The implementation and pilots at both firms were all part of the development of the ECLIPS tools, and these were constantly tweaked and improved throughout the period. “The benefits we had anticipated before beginning the project have been proven in real life in two very different environments,” Desmet concludes. However, the ECLIPS software is still very much in the prototype state.

Taking the next step

Having established the validity of these two new techniques through successful pilot schemes in three manufacturing environments, Möbius is now considering its next move. “We’re currently evaluating how we will exploit the results of the project,” Desmet says. “We have gathered a considerable wealth of knowledge, and built effective analysis tooling which we can use in future work with our clients. But we are consultants, not software providers.”

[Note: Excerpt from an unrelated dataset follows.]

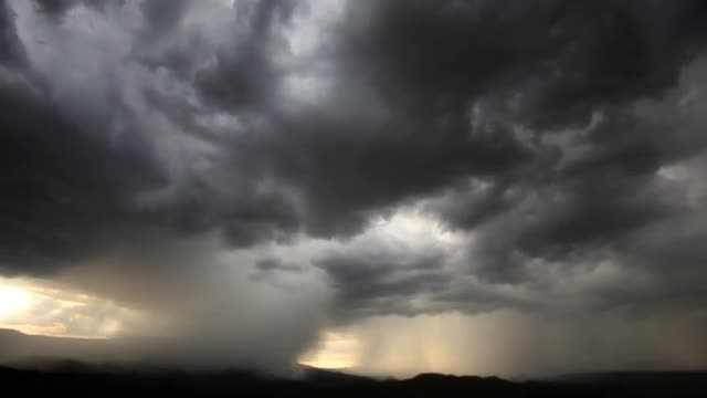 1091183 - Time lapse of dark clouds moving fast over city kicking dirt into the air

Fully developing and producing the software commercially is not Möbius’s objective. However the company is considering two possible options which would ultimately bring this new capability onto the market. The first option is to partner with an IT company interested in developing the software from a prototype to finished product. The second is to provide a service, whereby customers would provide the data and Möbius would provide either the synchronised supply chain cycle or the volume forecast. Both options are currently under careful scrutiny but no decisions have yet been made.